=== Input for this task ===

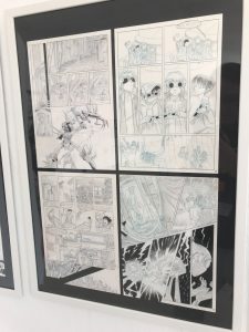 Gerade in der heutigen Zeit, in der so ziemlich jeder kreative Prozess komplett digitalisiert werden kann, ist es immer wieder ein Augenöffner die Originalskizzen sehen zu können. In manchen Fällen sogar noch den Weg von der Vorskizze, über die Tuscheversion bis zur kolorierten Vordruckfassung und als Fazit dann das fertige Erzeugnis. Im Grunde macht diese Faszination fast jede der Ausstellungen auf dem Salon interessant, besonders schmackhaft wird es aber meiner Meinung nach, wenn wie hier mit begrenzten Mitteln aber dafür ohne strenge Auflagen der Inhalt der Ausstellung frei gestaltet werden kann. Vergleichend sieht man in der Doppelausstellung zu Jeff Lemire und Flix zwar auch viele Rohzeichnungen neben den fertigen Printversionen, aber der Weg ist oft ein kürzerer und man spürt eben das Korsett der sorgfältig lektorierten Ausstellung. Ganz anders eben ein Verlag wie Zwerchfell der sich auch mit dreißig immer noch eine jugendliche Freiheit bewahrt hat, die sich für keinen Spaß rund um das Medium Comic zu schade ist.
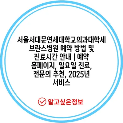 서울서대문연세대학교의과대학세브란스병원 예약 방법 및 진료시간 안내 | 예약 홈페이지, 일요일 진료, 전문의 추천, 2025년 서비스
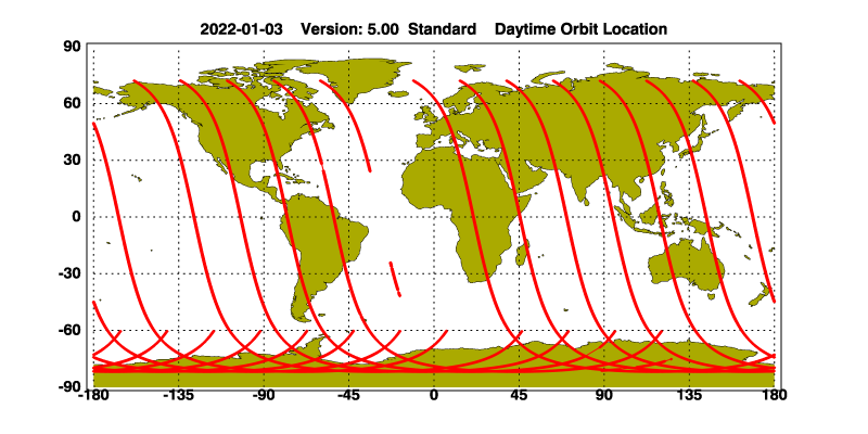 The orbit track locations for the entire Level 1 .hdf file are in black and the orbit track locations corresponding to this page are color coded.
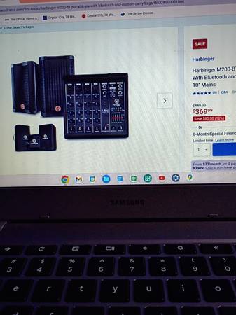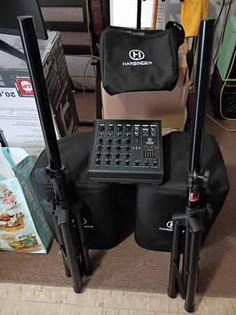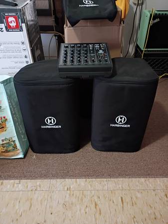 Harbinger sound system. Slightly used. Comes with covers. Great for family gatherings, band practice, etc. Has Bluetooth pairing for phone, laptop, etc. $200 firm - will include free speaker stands....
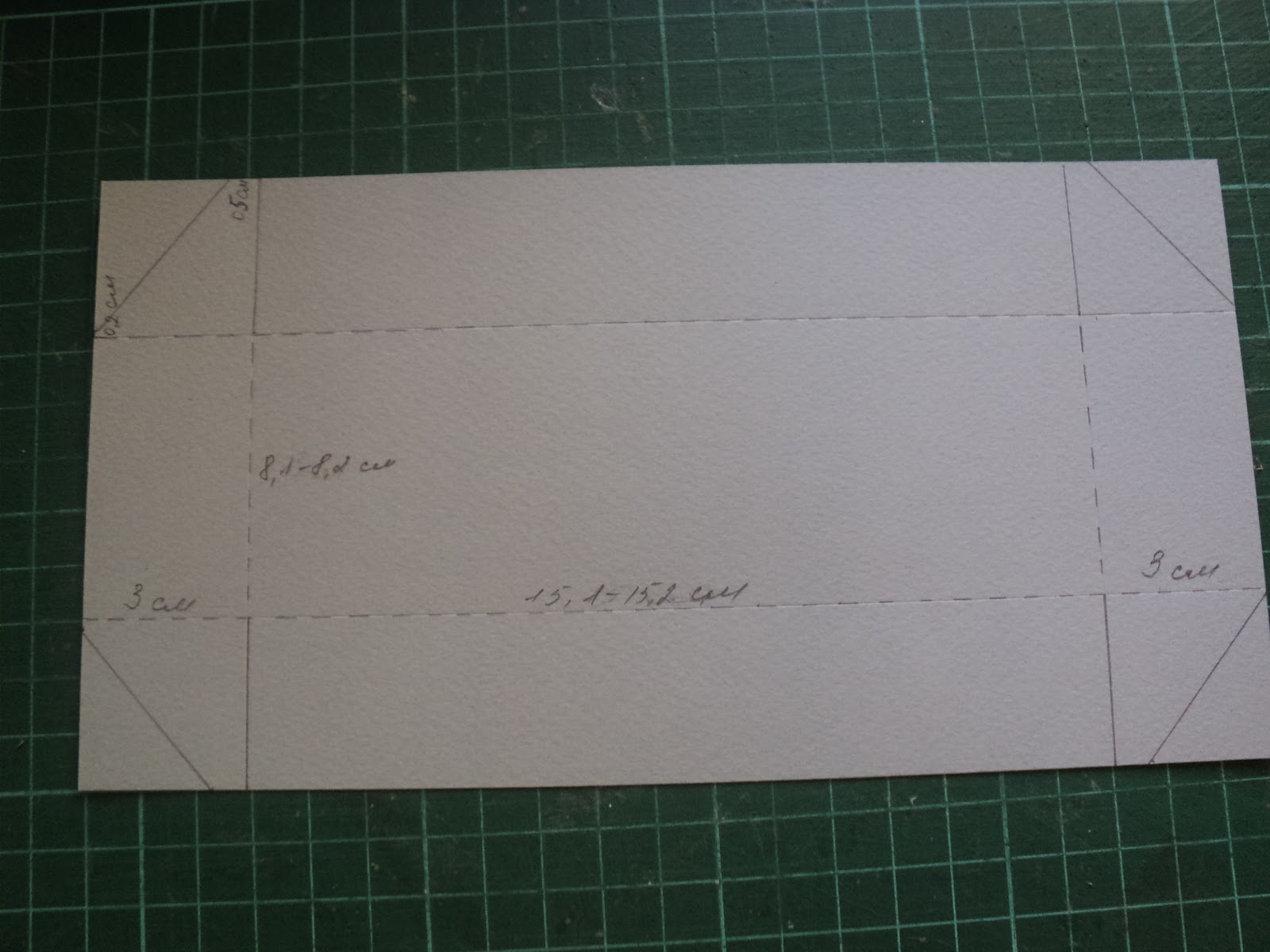 По длинной стороне откладываем: 2,5см, 15 см, 2,5 см и у нас остается 1 см. Здесь на всю высоту бигуем только последний 1 см. По остальным отметкам - делаем биговку на высоту примерно 5 см от линии сгиба дна, ниже линии дна делаем надрезы. К сожалению фото получилось не особо четким, но основную разметку на нем видно. По пунктиру - сгибаем, по сплошной линии - режем.
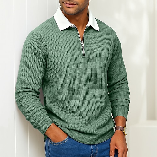 Per uomo Magliette Polo a Nido d'Ape Testurizzato Streetwear Casuale Collo ripiegato Manica Lunga Moda Tempo libero Blocco di colori Con zip Patchwork Autunno Primavera Autunno Tutte le stagioni
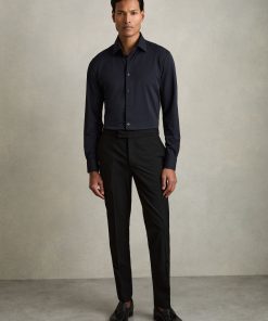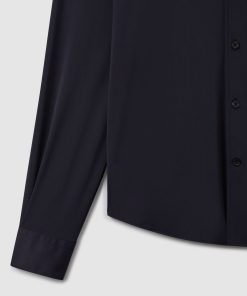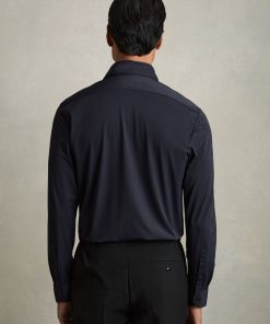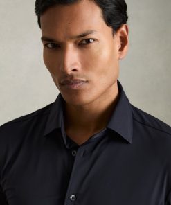 The Navy Voyager travel shirt is made with comfort-stretch fabric, offering crease resistance and quick-drying properties. UV protection and high breathability ensure optimal performance throughout the year. Comfort-stretch Crease-resistant Quick-drying UV-protected point collar Button cuffs French button placket The model is wearing a size M. Description: Measurements of model: 6ft 2″ / 189cm.
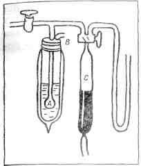 Рис. 12. Прибор Рамзая для сжижения аргона. В газометре С находится ртуть, а над нею аргон. Если открыть кран, аргон потечет по трубке в стеклянный шар А, погруженный в дьюар с жидким воздухом. Трубка В устроена для того, чтобы жидкий воздух, испаряясь и превращаясь в газообразный, свободно уходил в атмосферу. (Если бы трубки В не было, то при испарении жидкого воздуха давление в дьюаре возрастало бы непрестанно и в конце концов дьюар разорвался бы на куски)
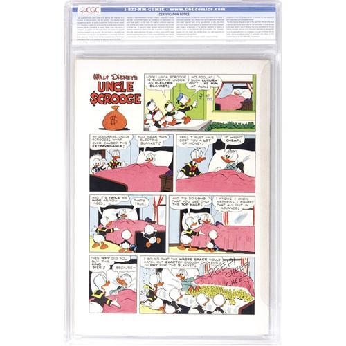 <B>Uncle Scrooge #8 (Dell, 1954) CGC NM- 9.2 Off-white to white pages.</B></I> Gold dust clogging your pores? Not a problem most of us have, but this is the wealthy Uncle Scrooge we're talking about, and in this issue's story "Island of the Petrifying Ray," he takes a sea voyage to unclog his pores, and much adventure and mayhem results. Overstreet 2006 NM- 9.2 value = $275. CGC census 6/06: 2 in 9.2, 1 higher. <BR><BR><B>Important notice:</B> Heritage usually auctions material at the rate of 200-250 lots per hour. On some occasions eBay Live bid software or the Internet may not be able to keep up with the pace of the auction. We recommend placing a realistic absentee bid now as insurance to avoid disappointment. Occasionally the auctioneer may eliminate or reject an eBay Live bid, and the auctioneer may also reopen a lot after the close of the eBay live bidding (usually because we missed an audience bid), and may reject your bid even if it shows you as the winning bidder. By bidding via eBay Live, you agree that Heritage may award the lot to another bidder at its sole discretion under the circumstances described above or any other reasonable circumstances. Since eBay bids are not shown to us until we open the lot on the floor, we treat those bids just like floor bids. In most cases the floor responds before the eBay bid is presented to us, due to Internet lag time, so for consistency we have made it a policy that floor bids are always considered first over tie eBay live bids. Also please note that all Heritage lots purchased through eBay Live carry a 22.5% Buyer's Premium. Please make sure you read the Terms and Conditions before you bid. This lot is being auctioned in conjunction with a live floor auction by Heritage Auction Galleries. All final auction and invoice information will be supplied by Heritage Auction Galleries, and all other information should be considered preliminary. Lot:41001 <BR><BR><B>Winning Notification and Billing:</B> After the FINAL session in this auction is complete, Heritage will send e-mail and snail mail invoices. This process normally takes several days. All final auction and invoice information will be supplied by Heritage Auction Galleries, and all other information should be considered preliminary. <BR><BR>This auction will be conducted on a live auction floor and over the Internet through eBay Live. If you choose to place an absentee bid, please take a moment to <font color='#0000ff'><u><a href='http://pages.ebay.com/liveauctions/help/before/laabsentee.html'>learn how eBay Live absentee bidding works</a></u></font><font color='#000000'>
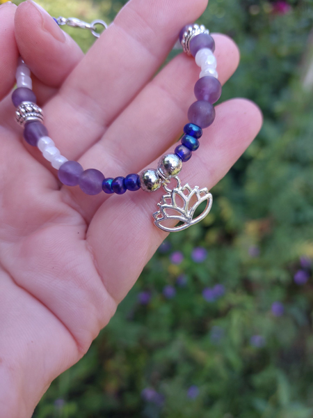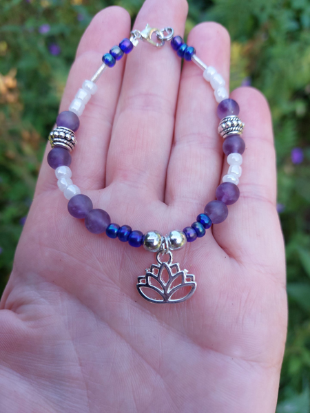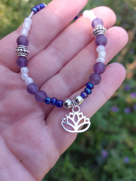 Mooie handgevaardigde armband met kralen, amethist edelstenen met lotusbloem bedel verwerkt.
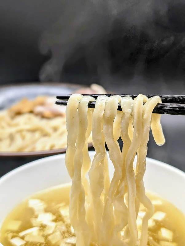 ツルッツルの瑞々しい麺肌、ブリッブリの弾力、モッチモチの力強いコシが特長の逸品。
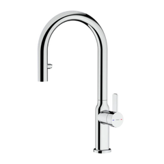 Torneira misturadora com cano alto giratório e flexível de 416 mm, equipada com chuveiro extraível de 2 saídas e filtro anticalcário.
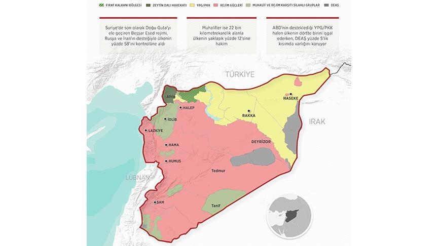 Suriye'deki Beşşar Esed rejimi, Rusya ve İran'ın desteğiyle ülkenin yüzde 58'ine hakim oldu. Muhaliflerin alanı yaklaşık yüzde 12'ye gerilerken, ABD destekli terör örgütü YPG/PKK ülkenin dörtte birini işgal ediyor.
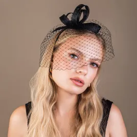 Czarna opaska do włosów z zawijasem i woalką, opadającą na połowę twarzy. Elegancki, wieczorowy produkt idealny na wyjście do teatru bądź opery. Nada Twoim stylizacją ekskluzywnego look'u!
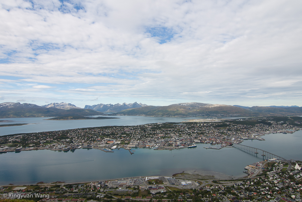 After napping for a few hours and then eating a typical Norwegian breakfast — or what this tourist thinks is a typical Norwegian breakfast — I did the touristy thing and took a cable car to the top of a nearby mountain. My knee was still bothering me a bit from something I did to it in Zermatt a week ago, so I didn’t want to hike the trail up, which was the alternative. Tromsø, as is revealed from above, is actually an island; it’s not on the mainland of Norway. Maybe this is the reason it’s sometimes called “Paris of the North” — Paris is known as Île de France; Ile, isle. Who knows. It’s not likely to be mistaken for Paris in most other ways. (Not at all a bash of Tromsø, but a Paris it isn’t. Lovely it is.)
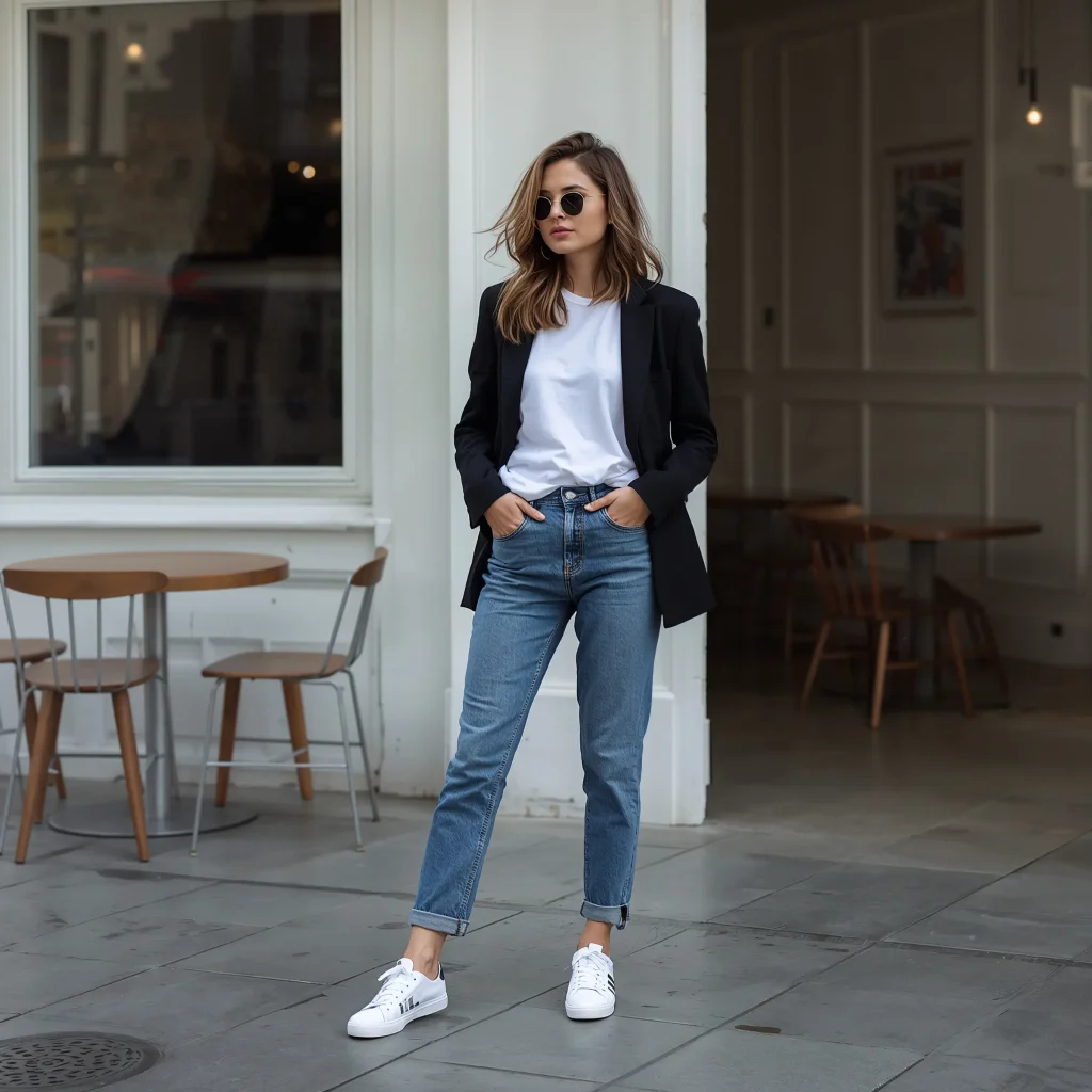 Start with tailored joggers or sleek athletic leggings. Add a fitted tee and your blazer, then finish with clean white sneakers. The contrast between sporty and sophisticated creates an interesting tension that feels very now.
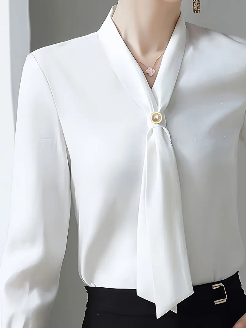 قميص أنيق بأكمام طويلة على شكل حرف V مع زينة ربطة عنق، مصنوع من بوليستر 100% بلون موحد، بقصة عادية، مزود بصف أزرار مفرد، قماش منسوج، وزن 120 جرام/م²، مناسب لجميع الفصول – أزياء النساء
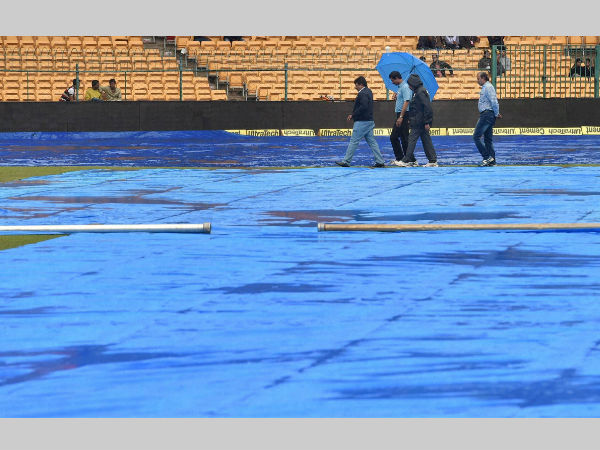 The umpires inspected the ground thrice after a rain-free morning raised hopes for some play. However, the damp conditions coupled with a steady drizzle did not allow the resumption of proceedings at the M Chinnaswamy Stadium.
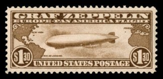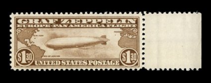 902 nh C14 image#C14, $1.30 Graf Zeppelin, right sheet-margin single, fresh and well centered, o.g., n.h., short gumming at right, very fine. (Image) $900.00
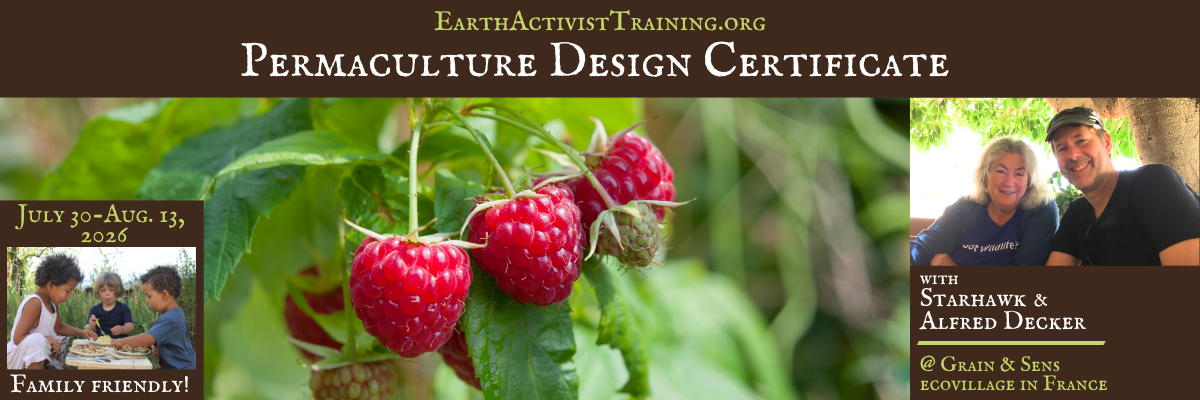 Earth Activist Training and 12P Permaculture Design are happy to invite you to a two-week intensive Permaculture Design Course (PDC), offering the internationally-recognised 72-hour permaculture curriculum with an additional focus on social permaculture, organizing tools, and spirit. This will be the third training Starhawk and Alfred have offered in Europe that is family-friendly (bring the kids!) and will be live translated between English and French. Come and share a life-changing experience with an intercultural mix of participants and a pair of dynamic and international permaculture educators…and watch this summer’s solar eclipse!
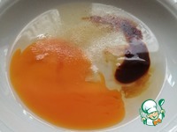 Смешать яйцо, соевый соус, я беру соуса с четверть чайной ложки. Добавить пару капель масла, кунжутного. Чесночный порошок и соль по вкусу. |
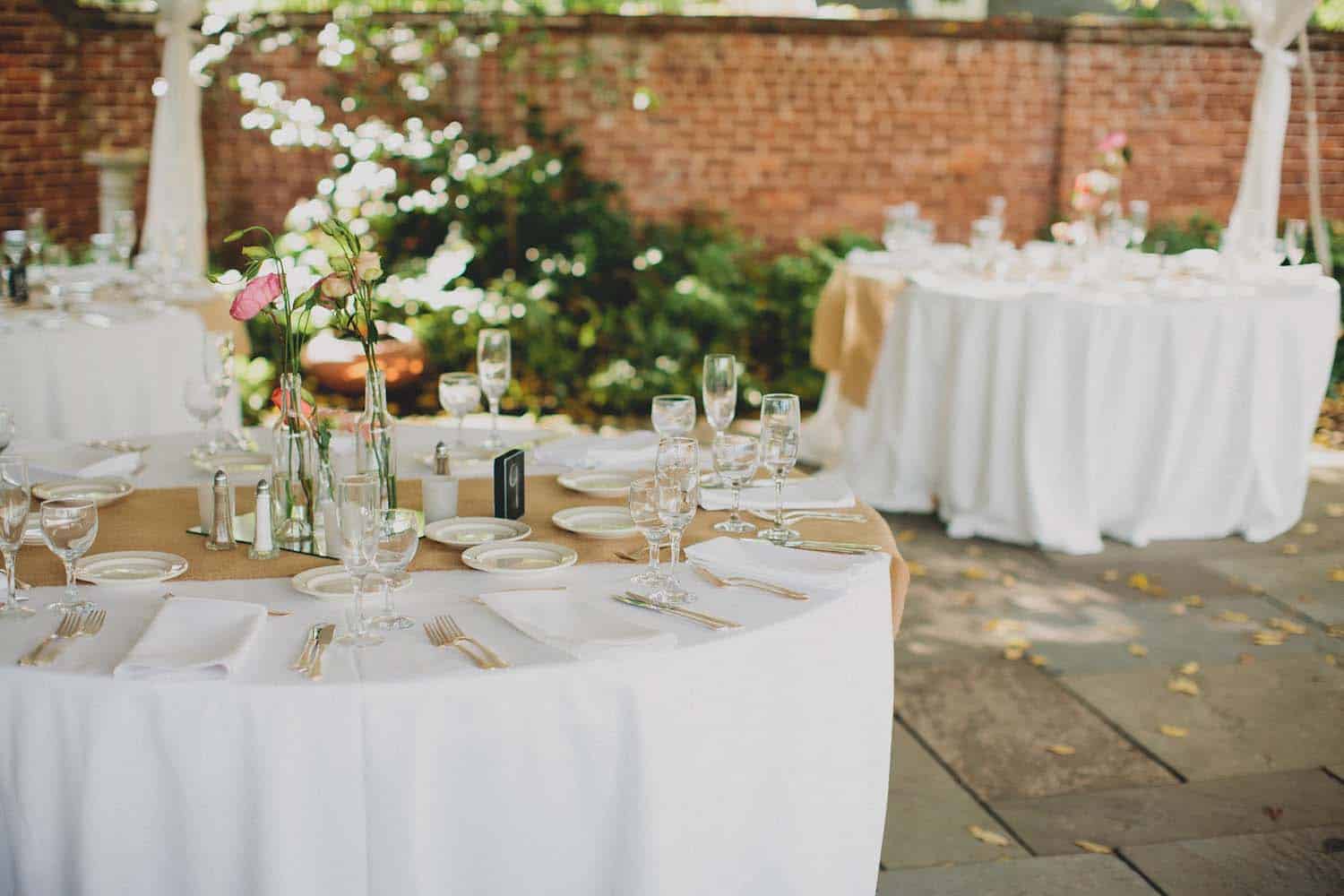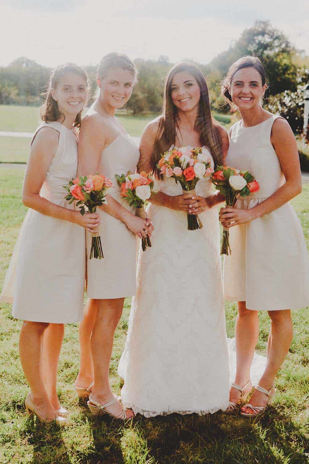 This romantic Virginia wedding is a cross between traditional and vintage perfection! Kim Newton Weddings created the most beautiful atmosphere using decor, burlap, bud vases, and wholesale flowers from BloomsBytheBox.com! She said, “The venue and day were so amazing, we felt like we were in Italy, most definitely not Virginia!” The venue, River Farm, is located in Alexandria Virginia and sports a perfect mix of indoor and outdoor loveliness. The photographer, Kristen Leigh, captured the coral, pinks, creams, and peaches in a whimsical light that gives an Italian feel. Kristen Leigh Photography did such an incredible job, check out her awesome and edgy website!

===

> What is expected
Line for line, output the entries above from the line with "The Navy Voyager" to the line with "Рис. 12. Прибор", both included, and nothing more. Skip pictures.

> Task output
 The Navy Voyager travel shirt is made with comfort-stretch fabric, offering crease resistance and quick-drying properties. UV protection and high breathability ensure optimal performance throughout the year. Comfort-stretch Crease-resistant Quick-drying UV-protected point collar Button cuffs French button placket The model is wearing a size M. Description: Measurements of model: 6ft 2″ / 189cm.
 Рис. 12. Прибор Рамзая для сжижения аргона. В газометре С находится ртуть, а над нею аргон. Если открыть кран, аргон потечет по трубке в стеклянный шар А, погруженный в дьюар с жидким воздухом. Трубка В устроена для того, чтобы жидкий воздух, испаряясь и превращаясь в газообразный, свободно уходил в атмосферу. (Если бы трубки В не было, то при испарении жидкого воздуха давление в дьюаре возрастало бы непрестанно и в конце концов дьюар разорвался бы на куски)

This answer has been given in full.